One of the faces in the crowd was Arkansas Supreme Court Justice Courtney Hudson, who attended with her two daughters and son. Hudson, who was first elected justice in 2010, said Ginsburg "laid the foundation for women like me to have a seat at the table."
A year later, Hudson said, Ginsburg's speech remained a topic of conversation in her household, especially among her daughters.
"They were not only awestruck, they were moved as many young women today are, to see their pioneers and trailblazers," Hudson said.
Hudson said she drew inspiration from an even earlier interaction with Ginsburg, who spoke at the University of Arkansas, Fayetteville, School of Law in the mid-1990s, while Hudson was a law student there.
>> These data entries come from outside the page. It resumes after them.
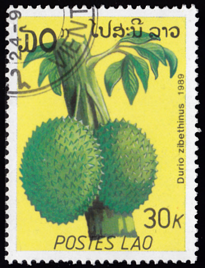 Diese Marke aus Laos (MiNr 1172) zeigt Durianfrüchte (Durio zibethinus), die hier schon beschrieben wurden.
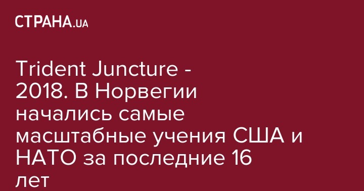 Сегодня, 25 октября, в Норвегии начались стратегические учения НАТО "Единый трезубец – 2018" (Trident Juncture 2018), сообщает "Интерфакс". Они продлятся до 7 ноября. В них будут участвовать все виды вооруженных сил, 45 тысяч военных, 10 тысяч транспортных средств, 150 единиц авиатехники и 70 кораблей из 31 страны. В маневрах примут участие как входящие в альянс страны, так и его партнеры - Финляндия и Швеция.
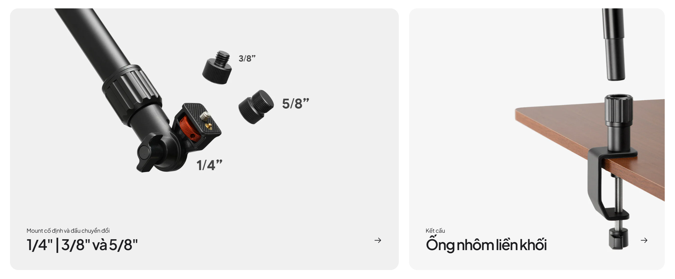 - Mount và adapter: 1/4", 3/8" và 5/8"
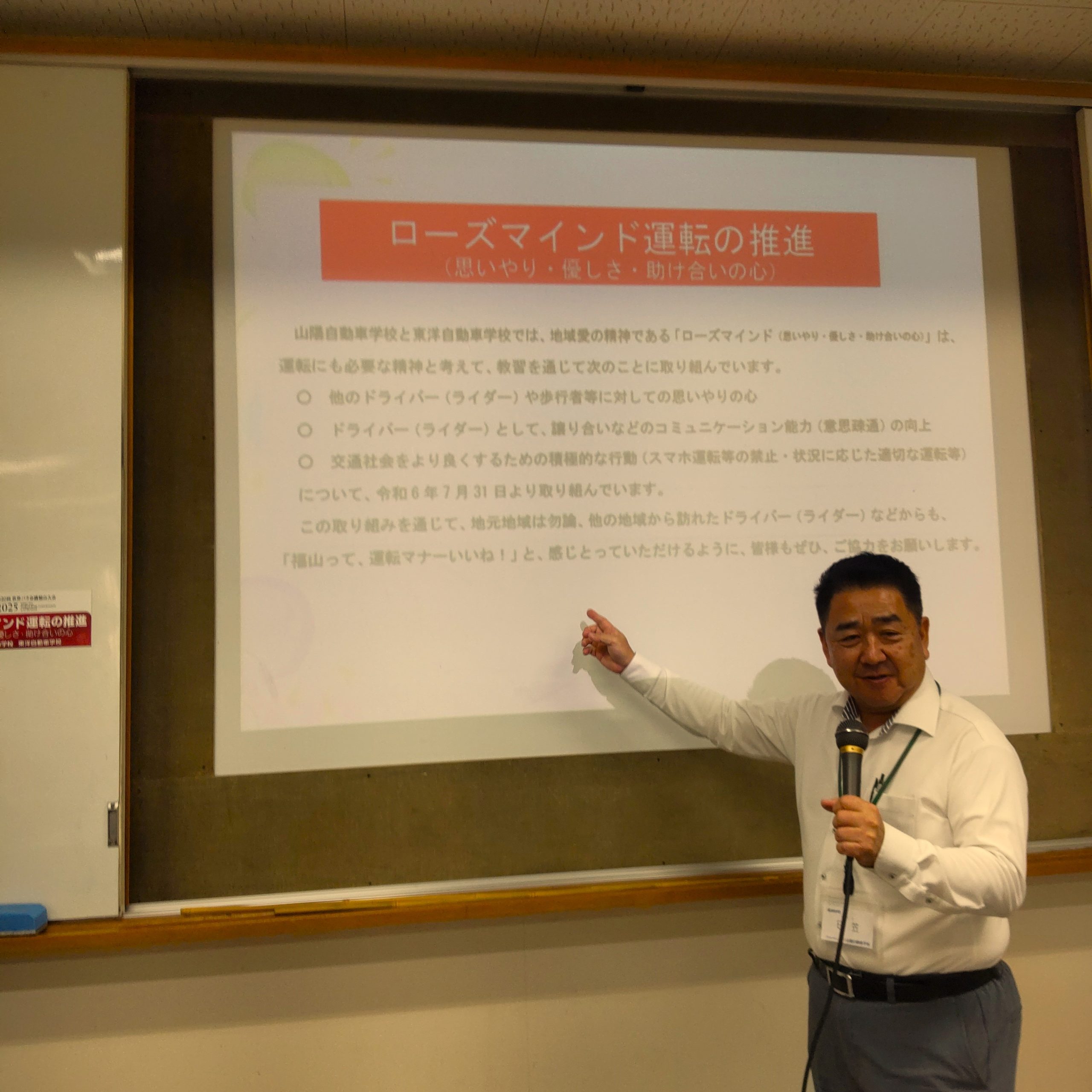本日は「ローズマインド運転」についての研修会をしました。近年の交通事故や交通トラブルの多くは、技術不足よりも“感情のコントロール不足や譲り合いの欠如”が原因となっています。そのため、現代の運転教育には「技術・知識」に加えて、心の在り方が欠かせません。福山市が掲げる「ローズマインド(思いやり・優しさ・助け合いの心)」は、この課題に対する実践的な考え方であり、山陽の教育方針は福山市の理念と連動した指導を特色とした事故を起こさせないための安全教育です。私たち指導員の役割は、運転操作や法規を教えることだけでなく、教習生のお客様が卒業後も安全に運転し続けられる力を育てることです。(*^-^*)
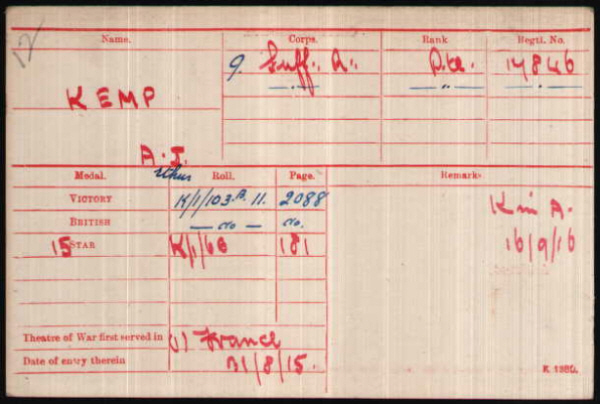 Arthur James Kemp was born in Chedburgh (1st qtr 1889 Thingoe 4a:692) son of David and Sarah KEMP (née PLUME)
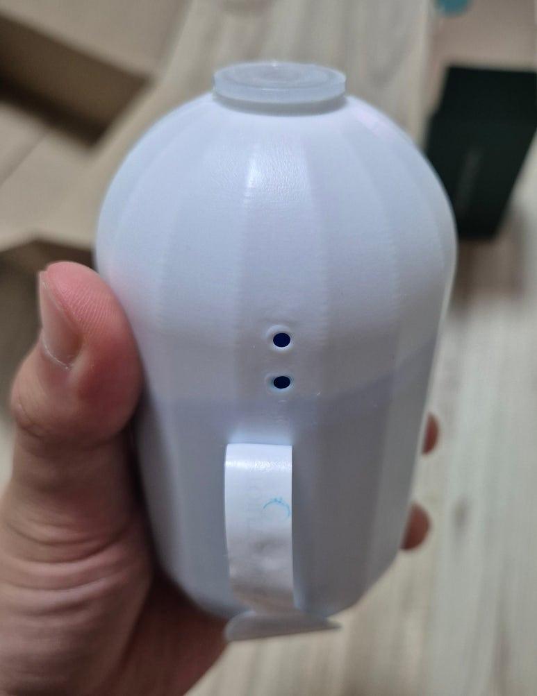 스티커를 제거하면 아래와 같이 세정제가 나오는 구멍이 존재합니다.

It was a seminal moment not just in hearing a justice of the Supreme Court speak, Hudson said, but in hearing a woman speak bluntly about obstacles faced by women in the judiciary.
"It was the first time I heard from a woman wearing a robe who was unapologetic about her passion for encouraging other women to meet their potential," Hudson said. "She leaned into all of it."
After the event in North Little Rock last year, Rutherford said a small group went with Ginsburg to have dinner in the cellar of the Capital Hotel across the river.
"She was just engaging, inquisitive. We talked about public service, we talked about civil rights," Rutherford recalled. "I was in awe."